__TASK ITEM__
Give back exactly the stretch of data below from the line holding "Φ22.2のパイプに様々なア" through the line holding "En la primera", both ends included, and leave the remaining lines out.

__GIVEN INFORMATION__

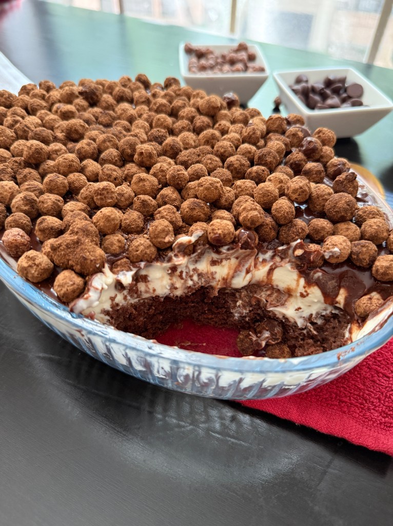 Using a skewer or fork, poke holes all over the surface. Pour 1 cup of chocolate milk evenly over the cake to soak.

...

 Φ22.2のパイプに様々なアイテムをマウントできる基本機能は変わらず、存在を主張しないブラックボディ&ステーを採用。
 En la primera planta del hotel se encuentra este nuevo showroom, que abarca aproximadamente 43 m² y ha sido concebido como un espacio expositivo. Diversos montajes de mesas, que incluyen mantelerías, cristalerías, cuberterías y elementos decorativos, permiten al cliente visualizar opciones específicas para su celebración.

__YOUR RESPONSE__
 Φ22.2のパイプに様々なアイテムをマウントできる基本機能は変わらず、存在を主張しないブラックボディ&ステーを採用。
 En la primera planta del hotel se encuentra este nuevo showroom, que abarca aproximadamente 43 m² y ha sido concebido como un espacio expositivo. Diversos montajes de mesas, que incluyen mantelerías, cristalerías, cuberterías y elementos decorativos, permiten al cliente visualizar opciones específicas para su celebración.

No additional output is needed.